The abstract execution step simulates the effect of each machine instruction on the current CFI state. Performed independently for each CFI state entry (register or CFA), the abstract execution determines the set of possible valid subsequent states and whether the current state entry becomes invalid.

For a given CFI state entry (unwinding rule) and instruction, the execution applies the following logic:

  • If the instruction modifies any register that the CFI state entry depends on, the current CFI state entry for that register/CFA becomes invalid.
  • If the instruction does not modify any registers the CFI state entry depends on, the current CFI state entry remains valid and is added to the set of possible valid subsequent states.
  • If the instruction modifies a register that the CFI state entry depends on by a known constant value, the constant change is applied to the CFI state entry, and the resulting entry is added to the set of possible valid subsequent states.
  • If the instruction stores a register into a memory location describable by a base register and an offset, the checker creates a new CFI value by replacing every occurrence of the stored register with the memory location and adds it to the set of possible valid subsequent states.
  • If the instruction loads a memory location describable by a base register and an offset into a register, the checker creates a new CFI value by replacing every occurrence of the memory location with the loaded register and then adds it to the set of possible valid subsequent states.

Implementing abstract execution requires semantic information about each machine instruction, specifically:

  • Which registers are read and written?
  • Does the instruction modify a register by a statically known constant? If so, what is the modification operation?
  • Does the instruction access memory (load or store)? If so, what is the base address calculation (register and offset)? What is the source or target register?

Example

The following is a single instruction subprogram that spills register %r10, with example CFI states before and after the instruction:

...
// +----------+------------+
// |   CFA    |    %r10    |
// +----------+------------+
// | %rsp + 8 | same value |
// +----------+------------+
pushq %r10
.cfi_adjust_cfa_offset 7 // CFA becomes %rsp + 8 + 7 = %rsp + 15
.cfi_offset %r10, -16 // %r10 is at CFA - 16
// +-----------+----------+
// |    CFA    |   %r10   |
// +-----------+----------+
// | %rsp + 15 | CFA - 16 |
// +-----------+----------+
...

The UnwindInfoChecker abstractly executes this instruction upon reaching it during analysis. During execution, it observes that this instruction modifies the %rsp value, so it invalidates the current CFA value. The instruction does not change %r10’s value, so the checker selects .cfi_same_value as a valid CFI value for %r10. The modification to %rsp is a constant change (8), as a result, the checker considers %rsp+16 as a valid CFI value for the CFA. The analysis also identifies the instruction as a simple store to the memory location at %rsp-8 (which is equivalent to CFA-16 in the current CFI state).

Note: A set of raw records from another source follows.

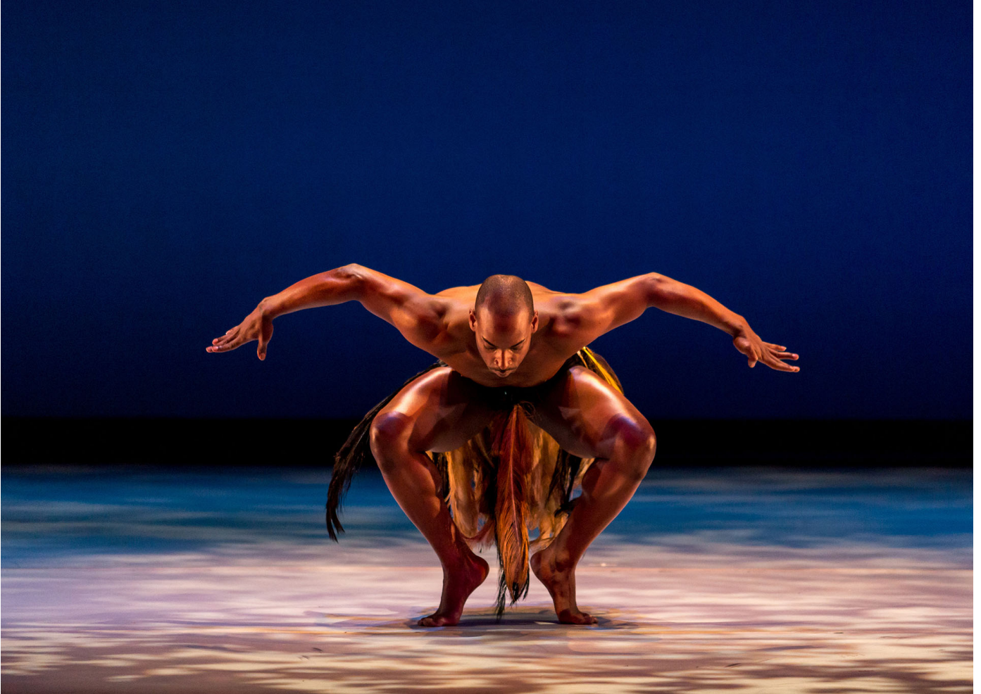
Photograph of Awassa Astrige/Ostrich by Sharen Bradford - The Dancing Image.
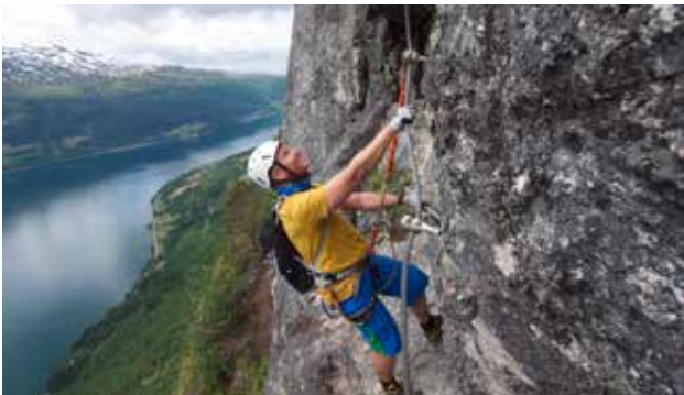
Via Ferrata Loen

The Via Ferrata Loen is a climbing route where you are secured in a steel cable, while climbing high above the fjord. You end up at Mt. Hoven, and return to Loen in the Loen Skylift
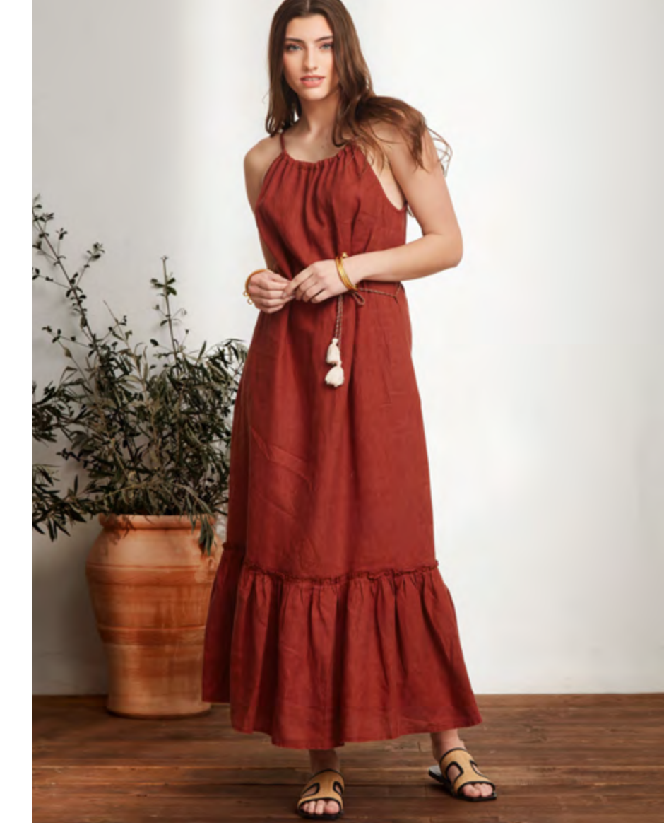
Dress 11-321 Composition: 100% linen Made in Greece Available sizes : S M L XL 2XL
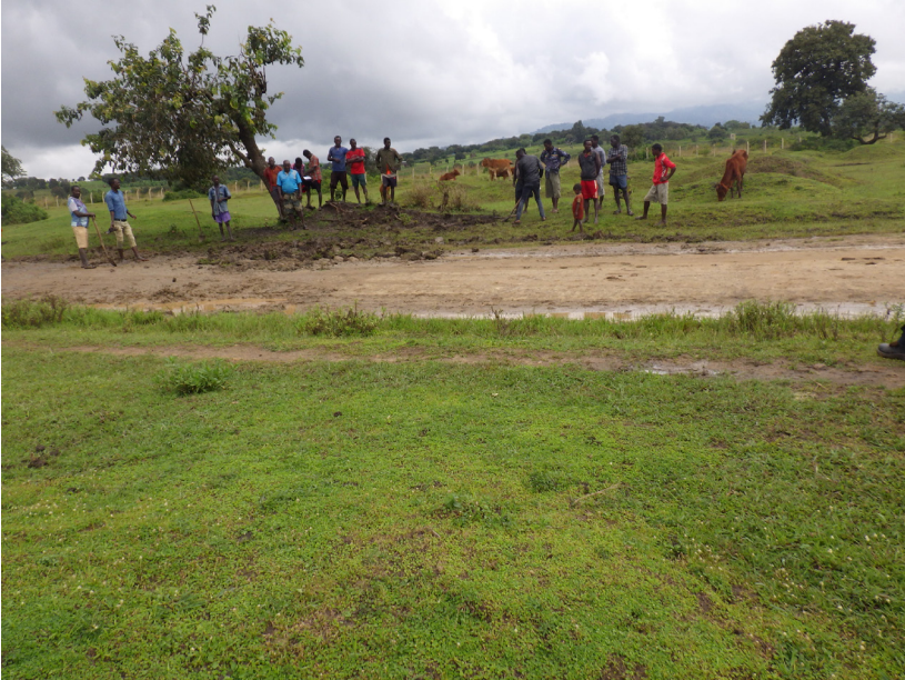
Figure 8. Villagers' Community Work
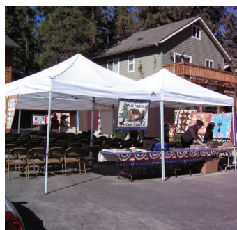
Setting up for the 2011 auction.

Each year the guild holds a quilt auction during Wrightwood's Mountaineer Days where small quilts donated by members are sold to the highest bidder. This is the first of the guild's two major
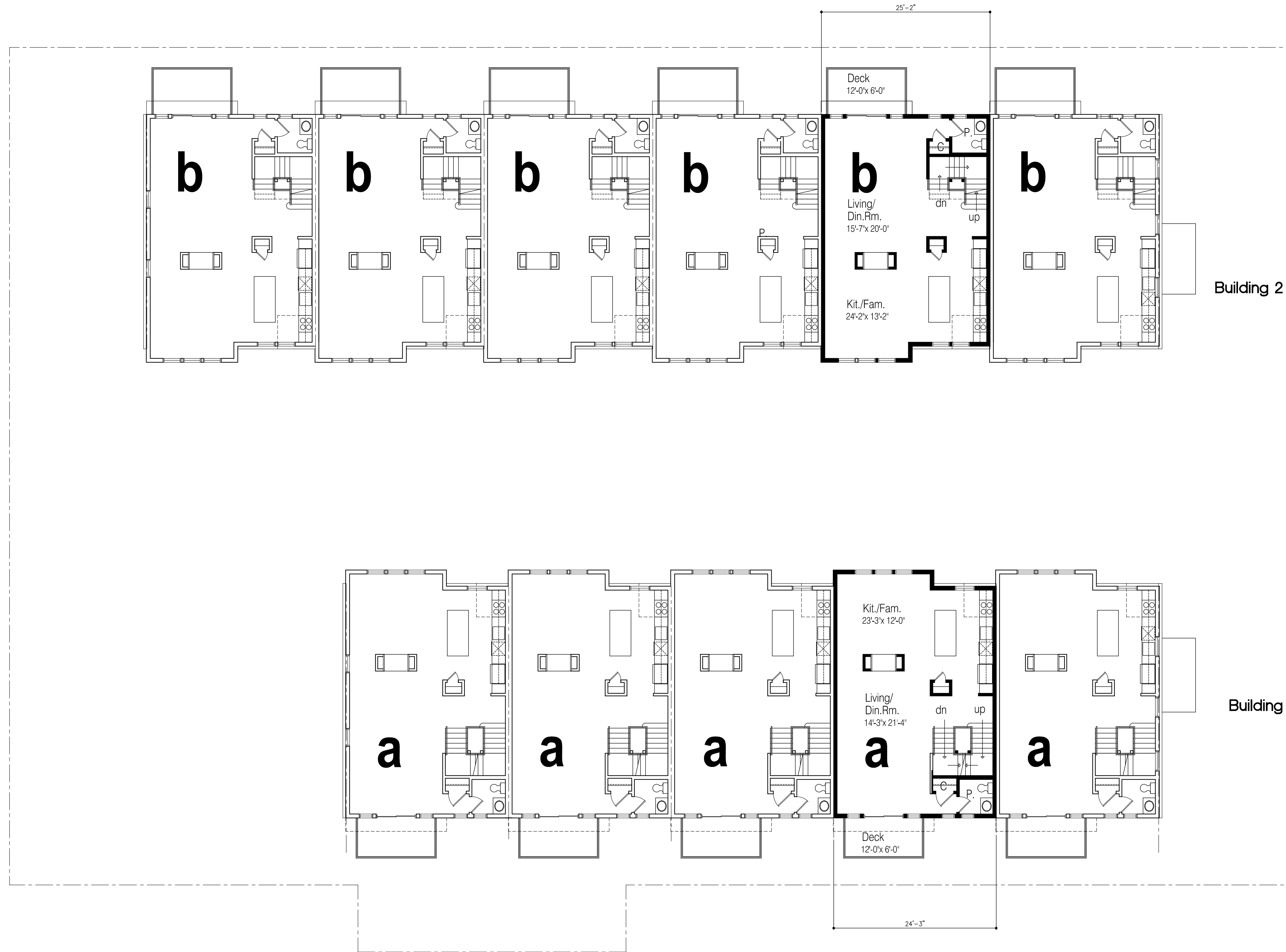
First Floor Plan 1/8" = 1'-0"

Therefore, the checker considers the value CFA-16 for the %r10’s CFI state.

Overall the execution results in:

CFA %r10
Is the current CFI value valid? no yes
The set of possible CFI values {%rsp+16} {same_value, mem[CFA-16]}

During the comparison, the UnwindInfoChecker sees the directive-derived value for the CFA has a similar structure to one of the valid values in the CFA’s set, but is not identical. Since it cannot reconcile the difference, it emits an error: Expected CFA offset 16, got 15. The directive-derived value for %r10 matches one of the values in %r10’s set, so the checker does not emit an error regarding %r10.

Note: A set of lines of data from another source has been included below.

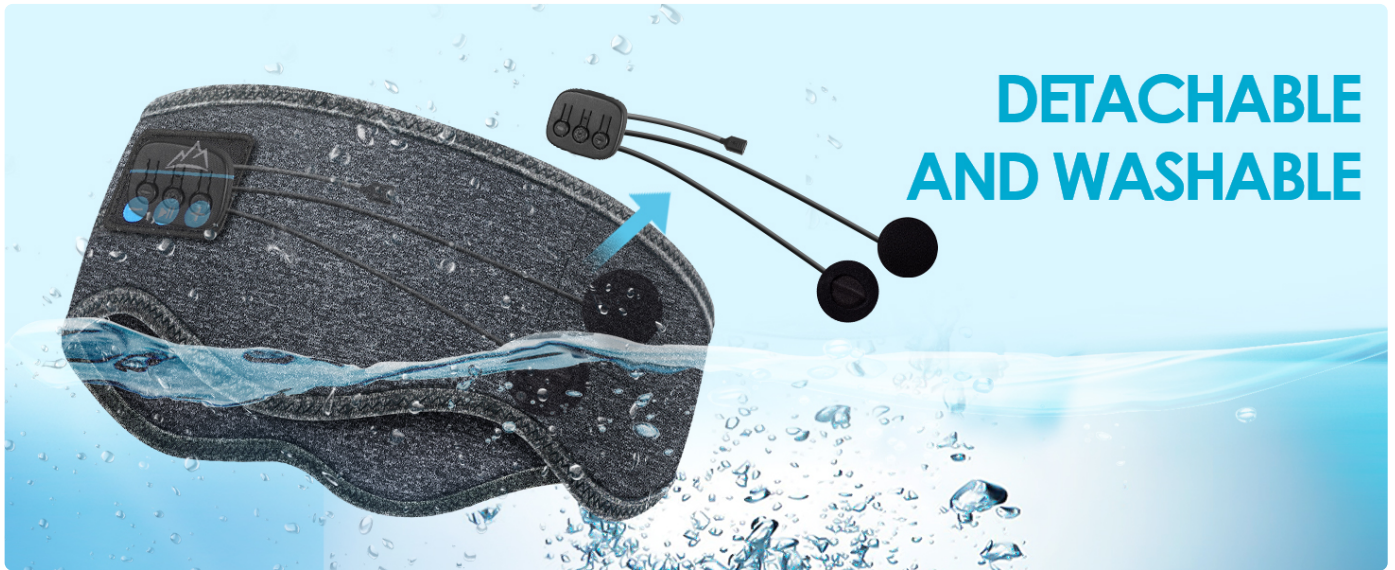
Image: Detachable and washable design for easy cleaning.
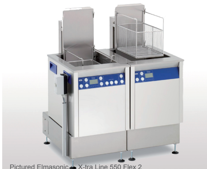
Pictured Elmasonic X-tra Line 550 Flex 2

Modular cleaning line consisting of ultrasonic cleaning unit plus rinsing unit, available in 5 different unit sizes (300, 550, 800, 1200 and 1600). There are two different models for each size: multi-frequency 25/45 kHz (MF2) or 35/130 kHz (MF3). Available rinsing tank models (S): with heating (H) or without heating. The oscillation device for the cleaning basket assists and improves the cleaning and rinsing effect and also provides a drip-off support for the stainless-steel basket (EKO). The cleaning line can be fitted with a hot air dryer (WLT) of the relevant size. The units are delivered including support frame.
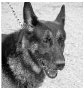
BSL targets many breeds including German shepherds

Proposed Pennsylvania House Bill 2553 will remove the state's prohibition on breed specific local (BSL) ordinances, thereby allowing any town, borough, city or other local government to adopt any type of dangerous dog ordinance it chooses. Up to now, PA
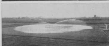
Architect's drawing of new plant, and test stand are shown in these photos.

can be timed and checked under various water pressures and with different nozzle sizes. More than $75,000 was spent on the lab and test areas. Cleason reports that Buckner recently has opened branches in Mexico City and Sydney, Australia.
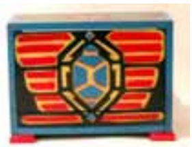
Silk Cabby With Scarab Good Condition
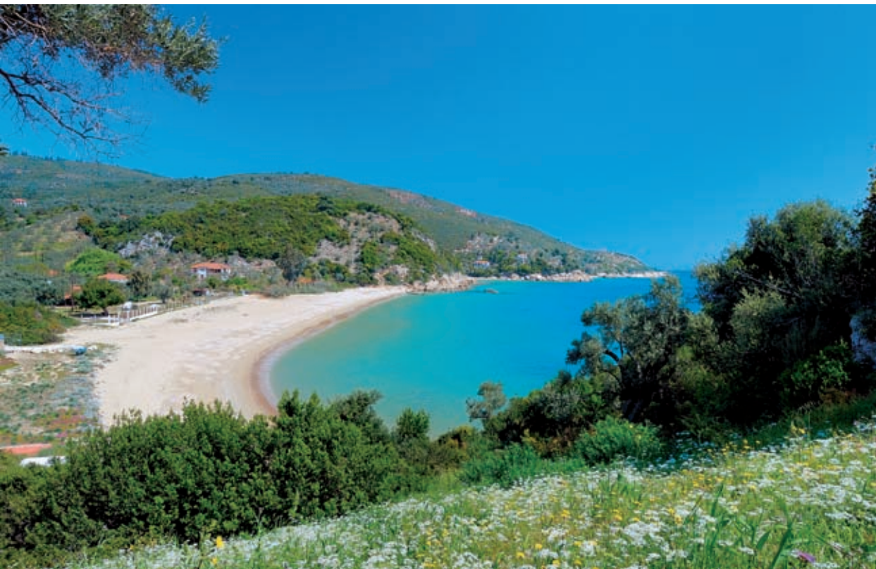
Kastri Beach, Southeast Pelion

To demonstrate the checker limitation, let’s change the directive-derived CFI state after the instruction as follows:

...
// +----------+------------+
// |   CFA    |    %r10    |
// +----------+------------+
// | %rsp + 8 | same value |
// +----------+------------+
pushq %r10
.cfi_def_cfa %rbp, 8 // CFA becomes %rbp + 8
// +----------+------------+
// |   CFA    |    %r10    |
// +----------+------------+
// | %rbp + 8 | same value |
// +----------+------------+
...

In this case, the UnwindInfoChecker will warn the user that it doesn’t understand the CFA’s value. This is because the CFA’s value is neither among the possible valid values nor the invalidated value. Although %rbp+8 and %rsp+16 are the same, the checker does not understand that and will suggest %rsp+16 to the user as a valid CFI value for CFA. Regarding %r10, the checker would not emit anything, which means the checker is ok with ignoring the spill. This is because the %r10‘s CFI value remained the same as the previous state, and the checker had not invalidated it.

Limitations

The UnwindInfoChecker’s accuracy depends on the completeness of the semantic information available to the abstract execution step for each instruction. Current limitations include:

  • Limited reasoning about aliasing relationships: The checker does not understand the dynamic relationship between registers, which can introduce memory aliases. However, by defining the relationship between the stack pointer and the frame pointer registers, most memory aliases that occur in CFI directives can be covered.
  • Complex pointer operations: The checker cannot interpret specialized pointer operations, such as the xor used for pointer mangling. To solve this problem for most cases, we can enable CFI values to be represented as complex operations.

Design details

Integration

As described above, we intend to use the UnwindInfoChecker to validate CFI directives in the following scenarios:

  • Assembling hand-written assembly files
  • Compiling programs with inline assembly
  • Possible future work: annotating disassembly

This implies integration points within tools such as clang (for assembly and inline assembly) and llvm-mc (for testing).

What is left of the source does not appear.